This is particularly unfortunate for the person charged with finding good coaches for his or her organization. There are no standard criteria for judging a coach’s value or worth. Perhaps the most reliable indication would be past performance with other clients and organizations.
The problem is confounded by the fact that coaching borrows methods from a diverse background of academics and industries ranging from psychology, business, organizational development, human resources, and even sports. Some excellent Ph.D. level professionals trained in psychology may be suitable for some clients. A retired CEO or entrepreneur-turned-coach may be more suitable for others.
Choosing a coach should not be left to intuition, but many times it is. The interview process should center on previous experience and results. No matter what the coach’s background, he or she should have a high degree of self-awareness and an ability to work well with different personality styles while keeping an eye on behavioral changes and business results. The process of designing an effective coaching program does not end with the selection of a qualified coach who is a good fit with the corporate culture.
Three Key Elements in the Coaching Relationship
A survey of the current literature and of experienced executive coaches reveals the importance of a three-level qualification process to ensure effective coaching.
Coaching is a three-way partnership between:
- The organization hiring the coach.
- The executive to be coached.
- The coach.
All involved must agree on specific goals and parameters. The organization needs to have clear goals and a purpose for the coaching program. There must be top-level support and visible links to business imperatives.
The executive has to be willing to accept the process of coaching, including listening to feedback, examining assumptions and beliefs, and making behavioral changes.
The coach must be committed to being candid while fostering a supportive environment. The coach must have a sense of the executive’s world from a personal, business, and social perspective and be able to hold out a mirror to the executive to foster behavioral changes. At the same time, the coach must be able to maintain trust and navigate sensitive political issues with the organization.
As in any triangular relationship, the key is defining and clarifying goals, roles, and accountability. For coaching to produce results, the goals should be measurable. Many times this involves using 360-degree assessments before and after coaching.
Executive coaching may not be for everyone, and organizations and clients should consider their purposes and goals before engaging coaches. While the results may not be directly measurable in dollars, there is no company that can’t benefit from more candor, better communications, and more conscious awareness of how its leaders interact with people in order to maximize talents and resources.

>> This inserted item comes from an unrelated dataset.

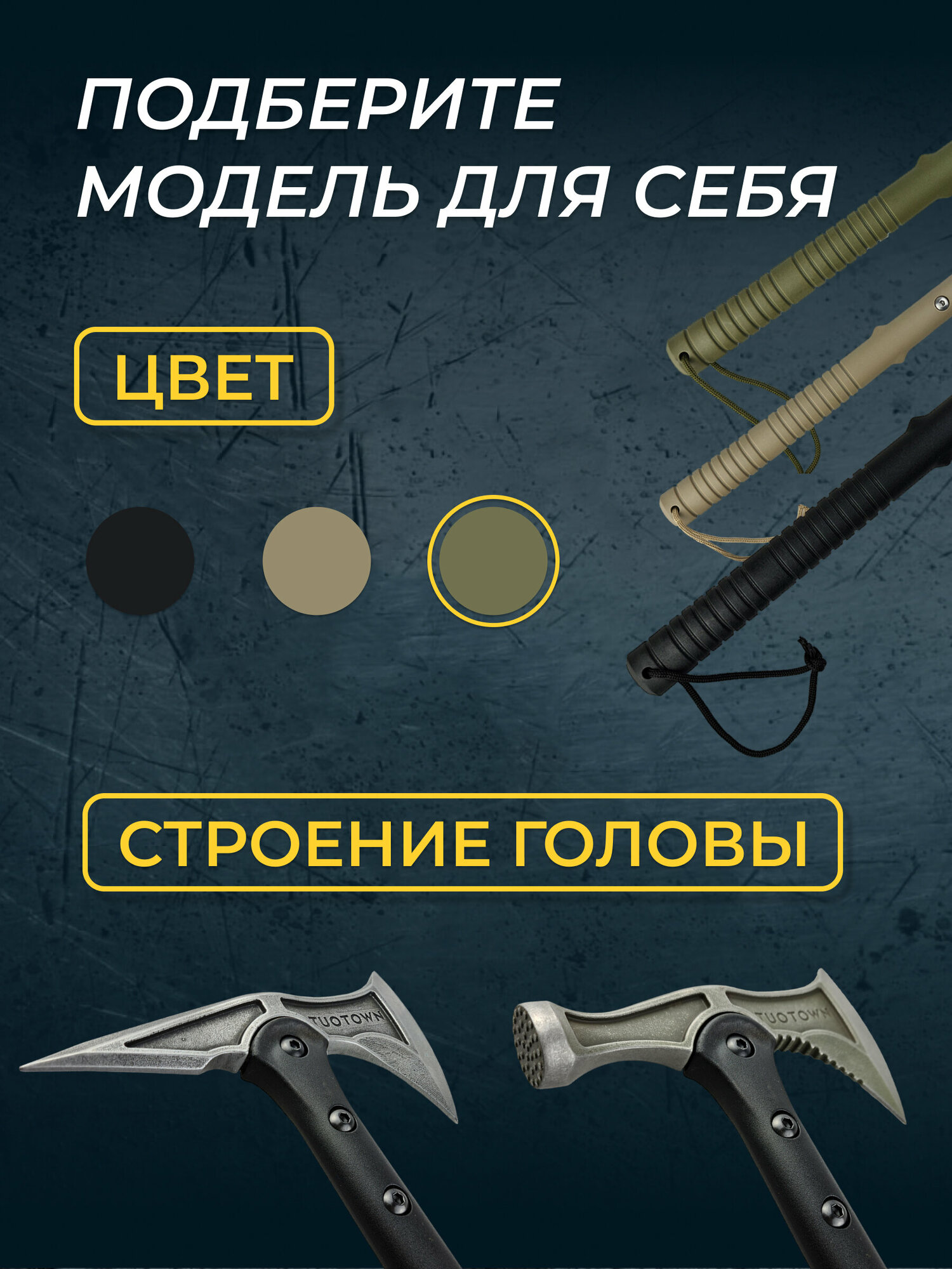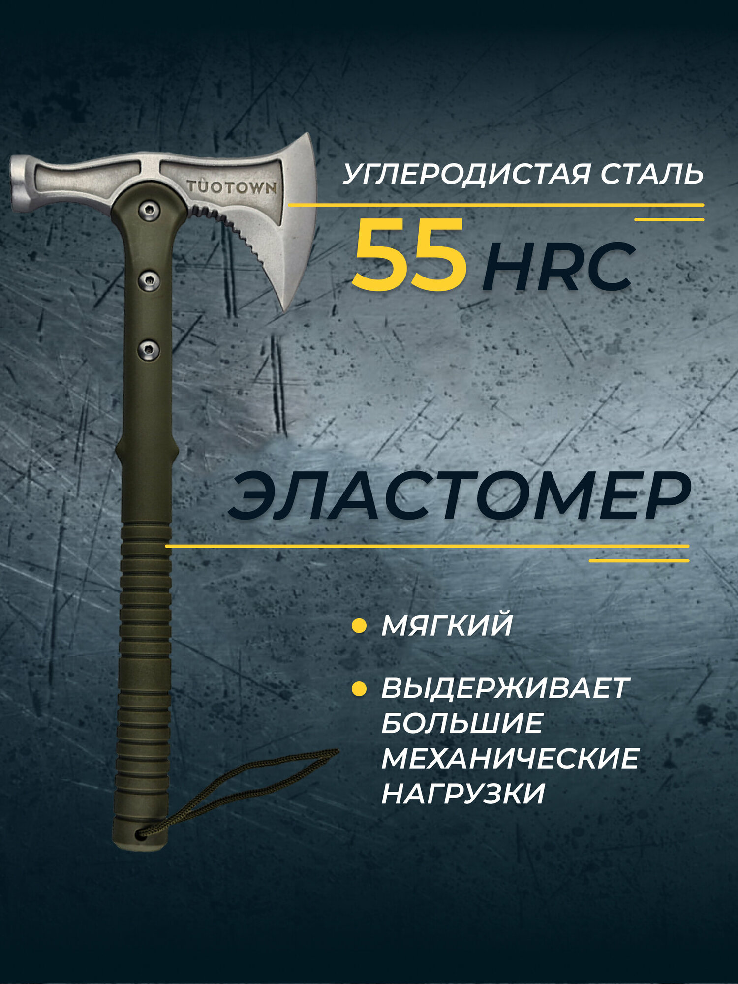Топор туристический (томагавк) с ледорубом, TuoTown. Японская нержавеющая сталь 420J2 / Эластомер, цвет Олива.

Are You Ready to Hire a Coach?
A recent Harvard Business Review article (December 2004) asks this question: Is executive coaching at U.S. companies destined to play the role occupied by psychoanalysis in some Neil Simon version of Hollywood: A virtual prerequisite for anyone who aspires to be anyone?
Companies should not jump on the coaching bandwagon expecting stellar results simply because other fast track organizations are doing it. Executive coaching is not an end unto itself.
In spite of its apparently robust potential, the very act of hiring a coach will not get the results needed unless there is sufficient preparation and planning. In other words, don’t seek coaching just because other fast movers in the firm seem to be benefiting from it.
Coaching is effective for executives who can say, “I want to get over there, but I’m not sure how to do it.”
Here are some questions to ask in order to enhance the return on the investment in a coaching program:
o As an organization, are you committed to coaching as a process rather than just an event?
o Is the coachee’s immediate supervisor committed to the coaching process?
o What are the types of changes that you hope will result?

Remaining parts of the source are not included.